Centralny ziarniniak olbrzymiokomórkowy u 11-letniego pacjenta po transplantacji nerki
© Borgis - Nowa Stomatologia 4/2012, s. 152-155
*Ewa Krasuska-Sławińska1, Katarzyna Świstak1, Wioletta Jarmużek2, Maciej Pronicki3, Dorota Olczak-Kowalczyk4
Summary
Introduction: Central giant cell granulomabenign semi-tumor osseous lesion. In patients after kidney transplantation this is often recognized as a first symptom of development of secondary hyperparathyroidism.
Aim: Aim of study is case presentation of patient after kidney transplantation, in who affirmed central giant cell granulomapresence in jaw in 22, 23 tooth region.

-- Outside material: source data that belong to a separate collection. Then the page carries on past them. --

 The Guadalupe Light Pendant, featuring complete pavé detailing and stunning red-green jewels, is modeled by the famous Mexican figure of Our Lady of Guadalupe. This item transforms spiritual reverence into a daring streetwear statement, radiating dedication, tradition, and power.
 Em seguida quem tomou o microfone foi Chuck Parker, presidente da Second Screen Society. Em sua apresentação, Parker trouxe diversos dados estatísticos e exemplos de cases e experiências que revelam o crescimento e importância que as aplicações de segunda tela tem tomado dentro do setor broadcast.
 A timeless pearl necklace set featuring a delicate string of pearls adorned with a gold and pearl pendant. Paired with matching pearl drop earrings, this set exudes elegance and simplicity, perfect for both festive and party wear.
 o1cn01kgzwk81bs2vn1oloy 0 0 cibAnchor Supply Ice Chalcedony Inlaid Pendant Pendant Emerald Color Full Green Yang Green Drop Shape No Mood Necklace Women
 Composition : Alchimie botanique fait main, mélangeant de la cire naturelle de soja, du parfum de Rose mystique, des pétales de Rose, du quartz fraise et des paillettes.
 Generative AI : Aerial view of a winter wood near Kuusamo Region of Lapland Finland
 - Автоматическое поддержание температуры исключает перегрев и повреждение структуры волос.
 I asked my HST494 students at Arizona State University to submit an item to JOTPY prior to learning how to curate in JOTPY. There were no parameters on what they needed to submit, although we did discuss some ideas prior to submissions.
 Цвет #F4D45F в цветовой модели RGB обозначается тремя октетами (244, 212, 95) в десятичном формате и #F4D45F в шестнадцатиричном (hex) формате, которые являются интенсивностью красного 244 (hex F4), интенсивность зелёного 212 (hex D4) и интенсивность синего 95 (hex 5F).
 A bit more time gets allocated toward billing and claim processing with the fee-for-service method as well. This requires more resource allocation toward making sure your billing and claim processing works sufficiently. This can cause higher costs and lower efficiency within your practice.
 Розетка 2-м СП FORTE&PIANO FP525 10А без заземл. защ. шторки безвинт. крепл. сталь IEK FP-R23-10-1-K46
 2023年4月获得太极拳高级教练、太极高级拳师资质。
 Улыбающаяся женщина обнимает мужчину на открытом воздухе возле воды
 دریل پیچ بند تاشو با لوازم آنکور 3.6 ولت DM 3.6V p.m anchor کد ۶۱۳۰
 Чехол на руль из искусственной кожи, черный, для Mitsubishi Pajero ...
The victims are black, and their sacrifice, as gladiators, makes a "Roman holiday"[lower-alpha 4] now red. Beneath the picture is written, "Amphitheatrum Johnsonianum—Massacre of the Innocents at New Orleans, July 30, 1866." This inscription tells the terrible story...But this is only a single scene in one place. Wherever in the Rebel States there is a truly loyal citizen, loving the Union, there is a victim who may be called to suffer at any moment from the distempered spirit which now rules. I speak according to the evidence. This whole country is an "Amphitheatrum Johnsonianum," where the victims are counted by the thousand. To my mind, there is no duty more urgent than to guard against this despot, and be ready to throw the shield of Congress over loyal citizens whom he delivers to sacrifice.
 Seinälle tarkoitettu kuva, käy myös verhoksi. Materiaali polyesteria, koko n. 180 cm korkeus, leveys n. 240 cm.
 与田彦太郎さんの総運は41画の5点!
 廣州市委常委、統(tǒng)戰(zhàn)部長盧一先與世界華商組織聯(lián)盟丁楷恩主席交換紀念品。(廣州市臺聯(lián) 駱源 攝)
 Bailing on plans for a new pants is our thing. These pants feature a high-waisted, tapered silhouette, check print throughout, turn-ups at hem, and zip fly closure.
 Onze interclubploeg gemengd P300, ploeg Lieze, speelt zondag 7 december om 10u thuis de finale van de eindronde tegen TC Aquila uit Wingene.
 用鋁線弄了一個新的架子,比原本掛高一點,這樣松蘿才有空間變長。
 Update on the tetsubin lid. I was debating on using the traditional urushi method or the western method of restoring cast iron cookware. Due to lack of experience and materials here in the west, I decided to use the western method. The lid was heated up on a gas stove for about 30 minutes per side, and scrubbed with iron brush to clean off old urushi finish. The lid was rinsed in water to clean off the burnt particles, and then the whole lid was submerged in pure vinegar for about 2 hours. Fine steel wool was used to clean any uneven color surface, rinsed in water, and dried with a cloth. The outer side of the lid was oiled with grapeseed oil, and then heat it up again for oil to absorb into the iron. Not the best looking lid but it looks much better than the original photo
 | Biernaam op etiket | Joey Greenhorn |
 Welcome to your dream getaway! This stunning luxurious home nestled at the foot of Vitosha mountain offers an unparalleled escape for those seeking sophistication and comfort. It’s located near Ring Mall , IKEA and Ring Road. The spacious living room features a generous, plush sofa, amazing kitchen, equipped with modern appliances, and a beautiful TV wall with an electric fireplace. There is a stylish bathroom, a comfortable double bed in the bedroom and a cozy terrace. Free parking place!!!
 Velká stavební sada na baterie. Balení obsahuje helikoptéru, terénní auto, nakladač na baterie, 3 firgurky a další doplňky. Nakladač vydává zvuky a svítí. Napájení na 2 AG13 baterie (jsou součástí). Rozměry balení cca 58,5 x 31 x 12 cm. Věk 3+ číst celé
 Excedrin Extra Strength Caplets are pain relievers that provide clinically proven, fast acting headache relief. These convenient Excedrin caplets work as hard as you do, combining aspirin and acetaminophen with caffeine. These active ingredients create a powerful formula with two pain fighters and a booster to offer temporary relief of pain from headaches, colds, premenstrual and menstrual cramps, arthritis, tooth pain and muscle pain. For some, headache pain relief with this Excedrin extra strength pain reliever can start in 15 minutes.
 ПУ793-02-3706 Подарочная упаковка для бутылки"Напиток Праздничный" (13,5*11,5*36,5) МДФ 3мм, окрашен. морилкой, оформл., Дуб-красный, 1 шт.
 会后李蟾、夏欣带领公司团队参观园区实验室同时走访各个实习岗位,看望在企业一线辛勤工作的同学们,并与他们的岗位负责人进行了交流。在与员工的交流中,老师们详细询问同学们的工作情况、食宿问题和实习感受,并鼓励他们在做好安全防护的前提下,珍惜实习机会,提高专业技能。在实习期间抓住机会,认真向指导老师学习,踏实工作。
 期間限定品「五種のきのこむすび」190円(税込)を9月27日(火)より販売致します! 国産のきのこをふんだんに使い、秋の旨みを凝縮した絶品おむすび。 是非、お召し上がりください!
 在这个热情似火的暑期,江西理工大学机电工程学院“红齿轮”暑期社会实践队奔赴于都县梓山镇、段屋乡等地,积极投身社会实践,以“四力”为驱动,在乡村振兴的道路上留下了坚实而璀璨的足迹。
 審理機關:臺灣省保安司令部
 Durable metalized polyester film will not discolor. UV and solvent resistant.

Case report: patient reported to clinic due to exorbitancy and oedema in alveolar process of jaw in 22, 23 tooth region. The lesion has been developing during 1 month, it was painless, covered by blue-red, soft-elastic mucosa without inflammatory symptoms, diameter 1.5 mm. There were no pathological changes in pantomography but CT – abnormal mass in alveolar process of jaw region was presented. Total surgical removal of the change was performed. Because of young age, didn’t decide to extraction of neighbour with change tooth. The histopathology exam revealed image of giant cell granuloma.
After an 5 month follow up from surgery recurrence of disease confirmed by CT was recorded. The patient was scheduled for extensive surgery, but we gave up because regression of the clinical recurrence was noticed. Recently after 38 month follow up from surgery clinical and radiological signs of tumor recurrence were not observed.
Conclusions: treatment of choice of central giant cell granuloma is radical remove of change including tooth in mass of tumor. Only in patients in developmental age exist possibility depart from tooth extractions, as in this case turned out good decision.